We used to use a stove in our hunting camp that was made out of a barrel. Cut a square out of the side then reattach with hinges, then cut a hole in the top and attach a few feet of chimney pipe. That thing really put out heat. We cut the bottom out so that the ash all fell out when we picked it up to break camp.


----------



## bogydave (Sep 14, 2012)

fossil said:


> Whenever I'm headed into any situation wherein I feel there's even a remote chance I'll be stranded, a 55 gallon drum is the first thing I pack.


 
They fit well into the airplane too. LOL
I see them all over the state & wonder how they got where they are.



MasterMech said:


> Rusty 55 gallon drum, riddled with bullet holes () with gorgeous mountain views in the background. I ♥ Alaska.


 
We call them "Alaska roses" they are on mountains, in the middle of swamps, along river banks.
Found a cache of 4 heavy duty steel , 3 full of fuel, left by the USGS out by this camp. They will eventually rust & the fuel will leak out.

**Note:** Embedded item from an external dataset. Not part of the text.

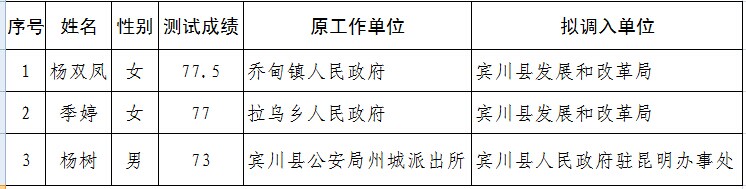 根據(jù)《賓川縣縣直機(jī)關(guān)公開(kāi)選調(diào)公務(wù)員暫行辦法》和《關(guān)于認(rèn)真做好2014—2015年縣直機(jī)關(guān)公開(kāi)選調(diào)公務(wù)員的通知》規(guī)定,經(jīng)基礎(chǔ)知識(shí)測(cè)試、用人單位考察和縣政府審批,現(xiàn)將第二批擬調(diào)動(dòng)人員情況公示如下:

Look like a helicopter sling load but they never used all the fuel.
Hard to even get a 5 gallon jug from where they, so getting & using the fuel is not feasible.



blacktail said:


> We used to use a stove in our hunting camp that was made out of a barrel. Cut a square out of the side then reattach with hinges, then cut a hole in the top and attach a few feet of chimney pipe. That thing really put out heat. We cut the bottom out so that the ash all fell out when we picked it up to break camp.


 
I may take a chisel next trip & try it.A few other barrels around there I could try it on. Don't know about hauling in stove pipe though.


----------



## ScotO (Sep 14, 2012)

Good idea, BD.  By the way, how'd you make out at moose camp?  'Nother set of horns fer da woodshed??


----------



## bogydave (Sep 14, 2012)

Scotty Overkill said:


> Good idea, BD. By the way, how'd you make out at moose camp? 'Nother set of horns fer da woodshed??


 
1/2 a set count? Off a 55 incher, 3 brow tines.
Would have liked to got close to him this year, might be close to 60 incher now 
Saw several shed caribou antlers & a few other shed moose antlers.
Brought these back for the wood shed.
Put some walnut stain on them to give them some color & keep the insects off.:


----------



## iskiatomic (Sep 15, 2012)

I worked on a stock car many years ago, this was the barrel type stove we used. Killer heat.

KC


----------



## Backwoods Savage (Sep 15, 2012)

Nice KC. Reminds me of a fellow in northern MI who built one like that only on a much larger scale. He had a large garage (was a logger) that could park several big trucks inside. It was always warm in there no matter the outside temperature. He also never split wood; just threw in 4' logs.


----------